VII. Zustand der Agricultur.
I. Boden, Feldbau.
Als die ersten Ansiedler nach Cypern kamen, hatten
sie Noth ein Fleckchen Erde zu finden, wo sie sich niederlassen
und den Boden mit Getreide bebauen konnten. Die
ganze Insel war, die Felsen ausgenommen, mit Bäumen bedeckt.

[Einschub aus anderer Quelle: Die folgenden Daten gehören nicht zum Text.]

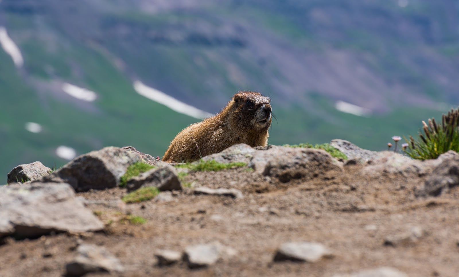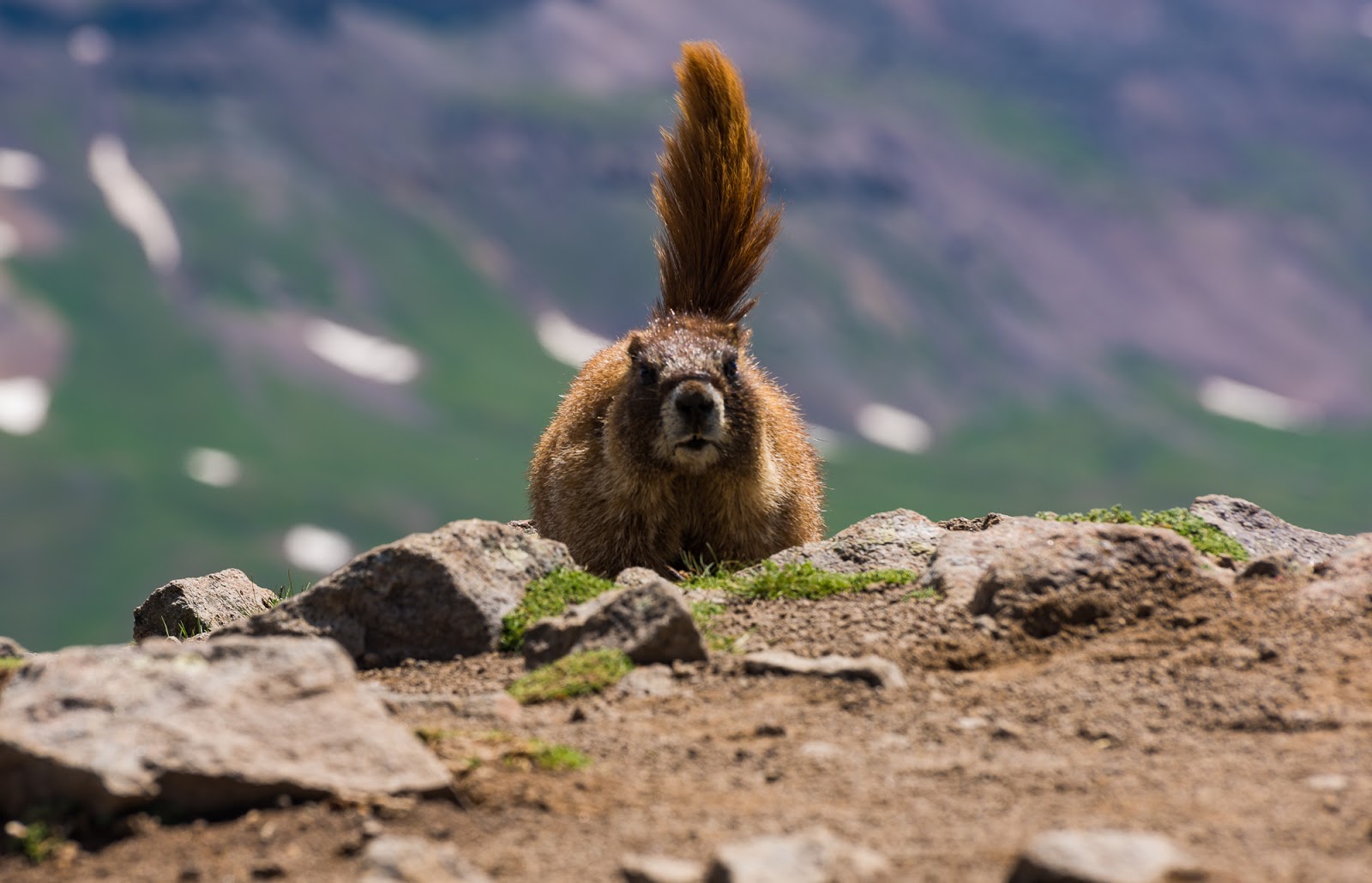 I was hoping for a shot like this: A marmot perched on a rock framed against the imposing bulk of Wetterhorn Peak's summit. Nice of the sun to highlight the marmot for me, and for the clouds to add a little dynamism to the sky. :)

Wie überall so geschah es auch hier, dass der Wald dem
Felde weichen musste, und dies erfolgte um so leichter und
rascher, als die insulare Beschaffenheit des Landes Holz zum
Baue der Schiffe bedurfte und die entdeckten Kupferminen
zum Abbau derselben, so wie zur Ausbringung des Me-
talles gleichfalls eine nicht geringe Menge Holz erheischten.

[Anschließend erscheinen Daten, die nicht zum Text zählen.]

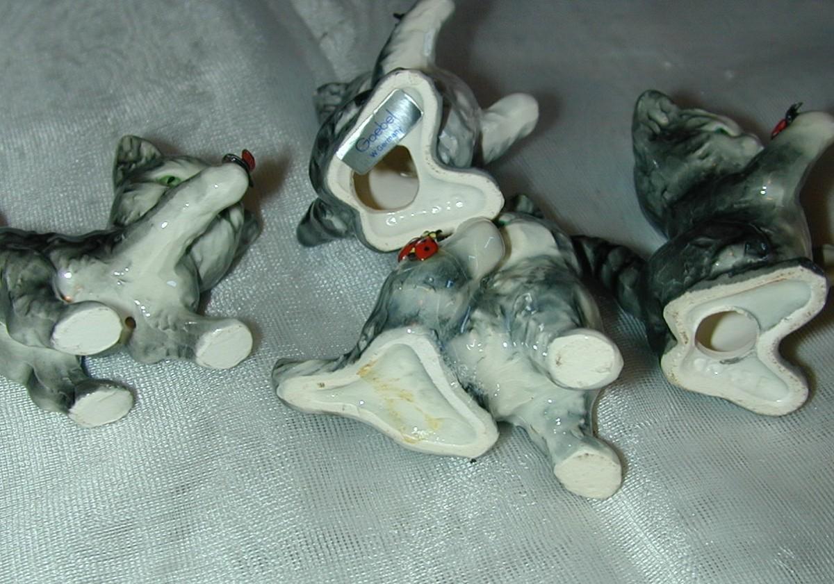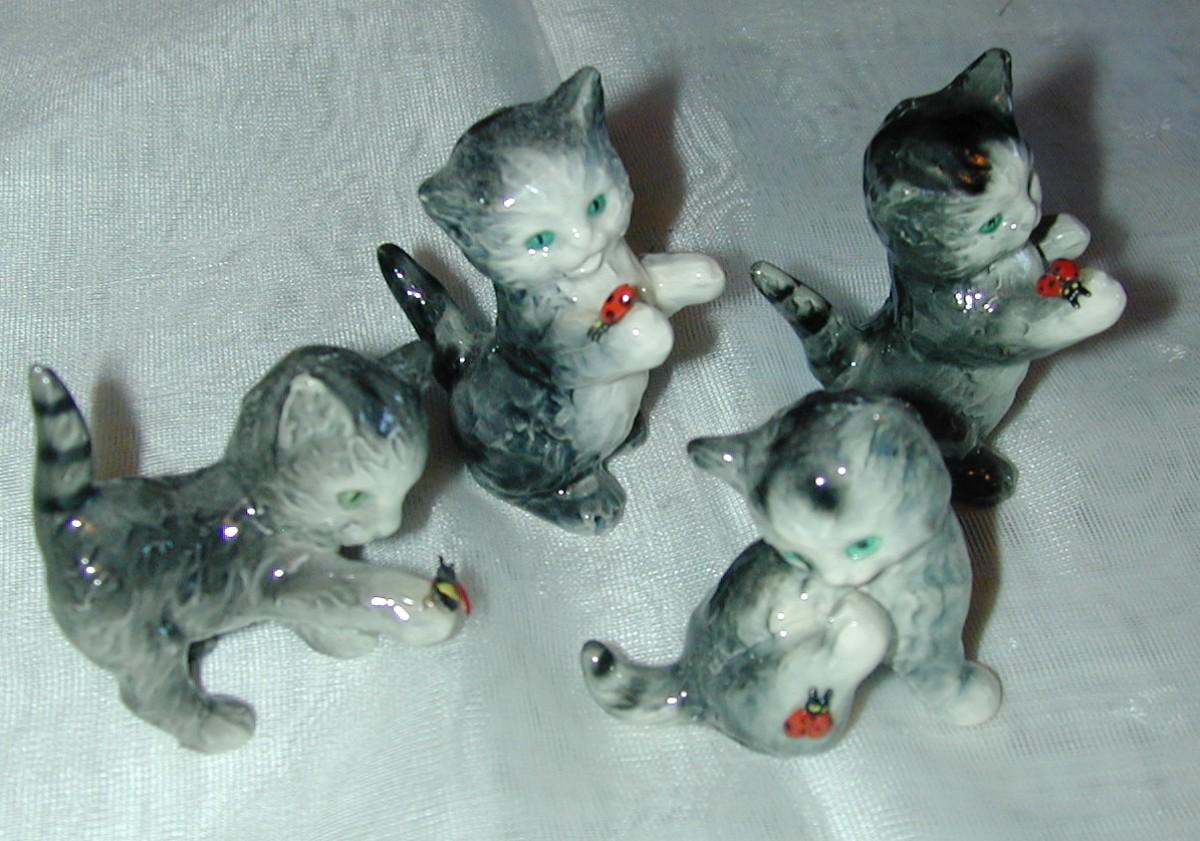 Cat Lot #2 --4 Goebel Ladybug Cats Gray Tabby - one ladybug is missing a wing

So verschwand nach und nach zuerst am Saume der Insel,
dann in den ebenen Gegenden des inneren Landes der Wald,
so wurden später die Hügel und Vorberge des Gebirges
von ihrem natürlichen Schmucke entblösst, und endlich blieb
derselbe nur mehr auf das Hochgebirge eingeschränkt, wo er
in unzugänglichen Schluchten und auf unerreichbaren Kuppen
noch gegenwärtig in seiner ursprünglichen Schönheit und Kraft
als indigener Beherrscher des Bodens erscheint. Hier ragen
seine Stämme noch als schlanke Masten in die blauen Lüfte
und spotten des Menschen, der die vernichtende Axt bis
hieher — und nicht weiter zu tragen vermochte.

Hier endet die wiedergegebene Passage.